• **Task goal**: Repeat the data exactly. Pictures stay out.

• **Supplied data**:
⁂

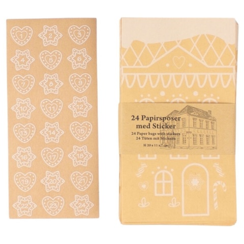 Når I skal holde styr på, hvilke papirposer der er til hvilken dag, så kan du sætte klistermærkerne med tal på. Du får nemlig klistermærker med tallene 1 til 24 med hertil. Desuden er de af kraftpapir, og hver pose måler B: 11 cm x D: 7 cm x H: 20 cm. Produktet er FSC®-mærket.
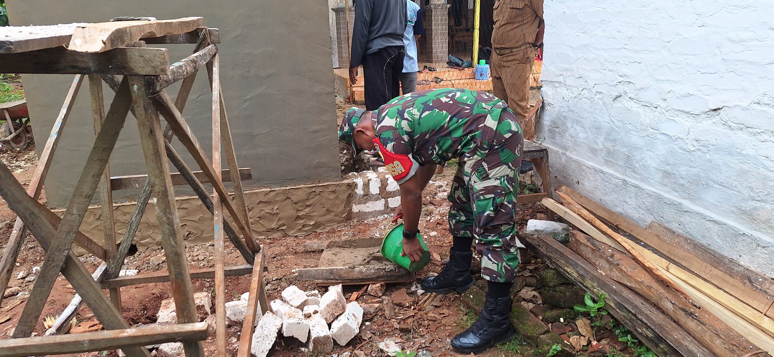 SUMENEP – Wujud kebersamaan dan berperan aktif mengatasi kesulitan rakyat di wilayah binaan dituangkan oleh Babinsa Koramil 17/Dungkek Kodim 0827/Sumenep Kopda Samaul Anam dengan melibatkan diri secara langsung dalam pelaksanaan gotong royong membangun rumah warga binaannya di Desa Romben Guna Kecamatan Dungkek Kabupaten Sumenep, Rabu (9/7/2025).
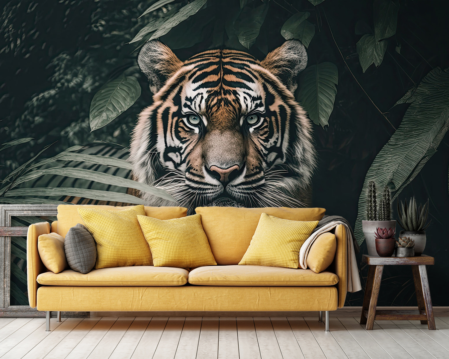 Odmień swoją przestrzeń dzięki tej oszałamiającej fototapecie przedstawiającej tygrysa wyglądającego przez bujne liście dżungli. To jak dzika przygoda w domu! Wyobraź sobie, że wchodzisz do pokoju, w którym to majestatyczne stworzenie wydaje się nad tobą czuwać, wywołując poczucie zachwytu i dreszczyk emocji. Głęboka zieleń i uderzający pomarańcz sprawiają, że jest to idealne rozwiązanie na każdą ścianę – zamieniając przyziemną przestrzeń w egzotyczną oazę. Wyobraź sobie przytulne wieczory, popijając herbatę i czując się, jakbyś znalazł się w objęciach natury. Ta fototapeta nie tylko dekoruje; opowiada historię, zapraszając każdego odwiedzającego do zatrzymania się i pochłonięcia jej. Idealna dla tych, którzy uwielbiają uciekać od codzienności!
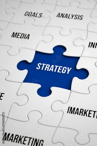 strategy, puzzle, business, concept, marketing, goal, analysis, innovation, teamwork, plan, management, solution, planning, corporate, success, word, piece, challenge, problem, solving, idea, white, blue, abstract, background, work, development, finance, media, action

⁂

• **Answer space**:
 Når I skal holde styr på, hvilke papirposer der er til hvilken dag, så kan du sætte klistermærkerne med tal på. Du får nemlig klistermærker med tallene 1 til 24 med hertil. Desuden er de af kraftpapir, og hver pose måler B: 11 cm x D: 7 cm x H: 20 cm. Produktet er FSC®-mærket.
 SUMENEP – Wujud kebersamaan dan berperan aktif mengatasi kesulitan rakyat di wilayah binaan dituangkan oleh Babinsa Koramil 17/Dungkek Kodim 0827/Sumenep Kopda Samaul Anam dengan melibatkan diri secara langsung dalam pelaksanaan gotong royong membangun rumah warga binaannya di Desa Romben Guna Kecamatan Dungkek Kabupaten Sumenep, Rabu (9/7/2025).
 Odmień swoją przestrzeń dzięki tej oszałamiającej fototapecie przedstawiającej tygrysa wyglądającego przez bujne liście dżungli. To jak dzika przygoda w domu! Wyobraź sobie, że wchodzisz do pokoju, w którym to majestatyczne stworzenie wydaje się nad tobą czuwać, wywołując poczucie zachwytu i dreszczyk emocji. Głęboka zieleń i uderzający pomarańcz sprawiają, że jest to idealne rozwiązanie na każdą ścianę – zamieniając przyziemną przestrzeń w egzotyczną oazę. Wyobraź sobie przytulne wieczory, popijając herbatę i czując się, jakbyś znalazł się w objęciach natury. Ta fototapeta nie tylko dekoruje; opowiada historię, zapraszając każdego odwiedzającego do zatrzymania się i pochłonięcia jej. Idealna dla tych, którzy uwielbiają uciekać od codzienności!
 strategy, puzzle, business, concept, marketing, goal, analysis, innovation, teamwork, plan, management, solution, planning, corporate, success, word, piece, challenge, problem, solving, idea, white, blue, abstract, background, work, development, finance, media, action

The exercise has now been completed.